Arrived to Work on Time Lome, Togo West Africa Sunday, March 4, 2007, 5:03 AM
I am happy, I left the USA on February 22, 2007 and today is the fourth of March. I woke today at around 5:00 AM, and I have arrived on time to work. I have been late for work every day, and some days I did not even to go, just lounged around and did nothing.
I do not work.
However, I normally wake somewhere between 4:00 AM and 7:00 AM, then spend the time between waking and going to the internet café typing on the computer, or playing. This time is my get organized for the day time, it is my preparation for life time, it is my clarity of thought time. Here in Lome, Togo is very calm, life is easy, I have very little brain clutter that accumulates during the day, therefore if I wake at my normal time to start play, there is little clutter in the brain to clean. I will be super organized today, not just moderately.
I am looking for the clarity, that brings me serenity.
The problem was my diurnal cycles was off, I had jet lag, the body demands to sleep and wake when it wants to, I am not a person that forces my body to stay awake. I am an easy boss, if the brain wants to rest, it rest, no qualms anymore with doing nothing. I have nothing down well, this is one of the wonders of travel. I have slowly been socialized in these under worked countries to do nothing. I can be just like the locals, or closer, I can languish around, hang out, talk with people and not have a guilt in the world about doing nothing.
I just realized, the men on the corner of the bar downstairs, do the same all day.

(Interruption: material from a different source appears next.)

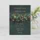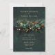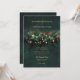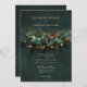 An illustration of wild flowers, branches and foliage in a botanical wreath arrangement with gold accents and fairy lights (these are digital effects!), over a glittering emerald green background, decorates this spring summer fall and winter wedding invitation with an enchanted forest wedding theme. An elegant, modern invitation for a fairytale wedding, it is the perfect wedding invitation for brides who love the fairytale forest setting, the fairy forest or fairy garden theme and emerald green with gold accents. The modern and simple wedding typography is sprinkled with classic wedding calligraphy accents for an elegant touch.

However, I think the experience of going to the bar, sitting on the corner, drinking the beer somehow feels to them, like they are doing something, they appear to have no problem with doing nothing either.
My workers in the USA , had no problems with doing nothing. I am probably wrong here, I am the weird one, it is not normal to think you should work, the majority of persons probably spend most of their time trying to avoid work, while I am always trying to learn to avoid working.
Not an important issue, unless maybe you have no money, then being lazy has a problem. I work at doing nothing all day, nonetheless, I get more done than most. I feel I am effective.
I have been reading the book TRAVELS, by Michael Crichton, it is interesting to learn how this very accomplished writer thinks. The book is more of a self-revelation or auto-biography story, then intermixes some near death experiences or high adventure tours so the name can be Travels. I truly think the travels is just want is says on the book, the reviewer says something about going to the other end of the earth to “see oneself for the first time.”
Oh, well, not good to start on incomplete thoughts, I will finish the book today, therefore, I am intuitively thinking, this guy will wrap it all up, sum it up, make a tally and a total, and explain why he assembled the book together this way, and how “Spoon Bending” is related to travel.
I think he does not like revisions, he would like my style, no revisions, and, I do not ever reread or change bad wording often, I just let it fly.
I am awake today, and went to work on time, I am able to step to the batters plate and swing at the ball hard. I can try to bang it for the bleachers today, I have tons of reserves, and I took my vitamins.
My body cycles have been adjusted, my body is in synch with Togo, Michael would probably like the idea of good Karma or Kismet.